Excerpts from a dataset:
========================================================================
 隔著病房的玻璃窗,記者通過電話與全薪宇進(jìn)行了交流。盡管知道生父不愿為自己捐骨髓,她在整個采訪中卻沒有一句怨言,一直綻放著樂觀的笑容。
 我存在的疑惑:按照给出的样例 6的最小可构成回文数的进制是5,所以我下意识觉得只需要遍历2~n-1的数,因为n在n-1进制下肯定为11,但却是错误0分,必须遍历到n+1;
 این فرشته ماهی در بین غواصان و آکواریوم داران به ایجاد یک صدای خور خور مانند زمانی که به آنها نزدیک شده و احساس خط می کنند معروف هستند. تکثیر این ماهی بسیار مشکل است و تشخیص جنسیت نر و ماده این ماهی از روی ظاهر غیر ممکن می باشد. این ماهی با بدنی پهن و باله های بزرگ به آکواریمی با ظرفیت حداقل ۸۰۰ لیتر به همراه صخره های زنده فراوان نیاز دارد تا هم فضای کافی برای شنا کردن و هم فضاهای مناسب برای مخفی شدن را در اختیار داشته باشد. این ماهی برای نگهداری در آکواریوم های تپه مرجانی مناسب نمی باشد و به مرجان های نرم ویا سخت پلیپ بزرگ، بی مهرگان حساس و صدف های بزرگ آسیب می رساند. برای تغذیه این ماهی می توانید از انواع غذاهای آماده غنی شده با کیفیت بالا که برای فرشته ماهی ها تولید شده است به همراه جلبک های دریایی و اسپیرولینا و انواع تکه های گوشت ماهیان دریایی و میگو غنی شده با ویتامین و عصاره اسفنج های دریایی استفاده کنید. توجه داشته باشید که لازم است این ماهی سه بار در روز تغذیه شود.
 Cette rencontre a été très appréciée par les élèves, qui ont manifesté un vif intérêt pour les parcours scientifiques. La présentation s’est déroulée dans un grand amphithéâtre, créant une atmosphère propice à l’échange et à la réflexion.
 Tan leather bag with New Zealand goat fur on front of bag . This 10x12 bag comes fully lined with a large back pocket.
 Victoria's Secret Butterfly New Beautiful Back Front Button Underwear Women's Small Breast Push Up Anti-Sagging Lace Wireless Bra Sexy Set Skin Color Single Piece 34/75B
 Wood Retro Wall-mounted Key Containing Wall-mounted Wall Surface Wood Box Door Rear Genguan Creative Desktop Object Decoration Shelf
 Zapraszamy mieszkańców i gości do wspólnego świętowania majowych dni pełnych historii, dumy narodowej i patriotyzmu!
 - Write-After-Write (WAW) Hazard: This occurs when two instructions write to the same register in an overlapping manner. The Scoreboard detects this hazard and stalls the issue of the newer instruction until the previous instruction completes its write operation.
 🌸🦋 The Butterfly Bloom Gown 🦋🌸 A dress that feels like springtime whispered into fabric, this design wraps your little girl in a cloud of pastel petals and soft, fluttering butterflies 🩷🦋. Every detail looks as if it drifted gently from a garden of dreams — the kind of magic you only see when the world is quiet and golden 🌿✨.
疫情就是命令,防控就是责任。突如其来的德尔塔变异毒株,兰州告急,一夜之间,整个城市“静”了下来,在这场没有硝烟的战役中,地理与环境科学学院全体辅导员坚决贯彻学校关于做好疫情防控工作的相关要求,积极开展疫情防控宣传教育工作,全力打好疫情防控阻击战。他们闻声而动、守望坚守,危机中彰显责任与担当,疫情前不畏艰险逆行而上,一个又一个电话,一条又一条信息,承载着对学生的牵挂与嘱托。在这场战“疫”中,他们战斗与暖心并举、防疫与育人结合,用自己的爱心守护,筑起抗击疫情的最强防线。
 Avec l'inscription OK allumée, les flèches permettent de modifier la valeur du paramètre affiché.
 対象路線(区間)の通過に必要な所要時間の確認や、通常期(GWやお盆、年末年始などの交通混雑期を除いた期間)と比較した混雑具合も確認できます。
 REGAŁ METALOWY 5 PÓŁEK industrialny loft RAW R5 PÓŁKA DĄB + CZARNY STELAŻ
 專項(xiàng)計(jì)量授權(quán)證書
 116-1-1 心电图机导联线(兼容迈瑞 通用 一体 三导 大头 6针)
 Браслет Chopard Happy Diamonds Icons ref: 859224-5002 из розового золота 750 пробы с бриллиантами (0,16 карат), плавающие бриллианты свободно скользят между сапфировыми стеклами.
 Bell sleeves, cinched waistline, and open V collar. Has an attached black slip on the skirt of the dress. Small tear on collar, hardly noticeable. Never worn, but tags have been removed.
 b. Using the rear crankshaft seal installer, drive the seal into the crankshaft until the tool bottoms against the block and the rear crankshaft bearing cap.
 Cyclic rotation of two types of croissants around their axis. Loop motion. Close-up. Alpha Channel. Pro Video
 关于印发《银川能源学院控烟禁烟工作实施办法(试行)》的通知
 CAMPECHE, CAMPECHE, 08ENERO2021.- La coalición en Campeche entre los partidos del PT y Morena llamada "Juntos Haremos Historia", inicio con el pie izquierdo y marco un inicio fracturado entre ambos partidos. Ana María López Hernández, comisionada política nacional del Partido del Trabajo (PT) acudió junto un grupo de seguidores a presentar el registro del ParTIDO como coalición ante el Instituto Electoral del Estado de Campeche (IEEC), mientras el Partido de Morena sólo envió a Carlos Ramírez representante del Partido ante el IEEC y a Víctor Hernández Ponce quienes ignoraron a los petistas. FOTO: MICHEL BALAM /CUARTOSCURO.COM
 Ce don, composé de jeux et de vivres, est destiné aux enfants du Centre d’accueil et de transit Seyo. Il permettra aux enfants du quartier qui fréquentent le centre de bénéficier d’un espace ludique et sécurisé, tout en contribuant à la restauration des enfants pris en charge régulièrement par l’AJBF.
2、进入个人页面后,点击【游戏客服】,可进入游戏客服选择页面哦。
========================================================================
Some lines in the data above hold the string "into". Find and copy each of them.

__Expected answer__
 🌸🦋 The Butterfly Bloom Gown 🦋🌸 A dress that feels like springtime whispered into fabric, this design wraps your little girl in a cloud of pastel petals and soft, fluttering butterflies 🩷🦋. Every detail looks as if it drifted gently from a garden of dreams — the kind of magic you only see when the world is quiet and golden 🌿✨.
 b. Using the rear crankshaft seal installer, drive the seal into the crankshaft until the tool bottoms against the block and the rear crankshaft bearing cap.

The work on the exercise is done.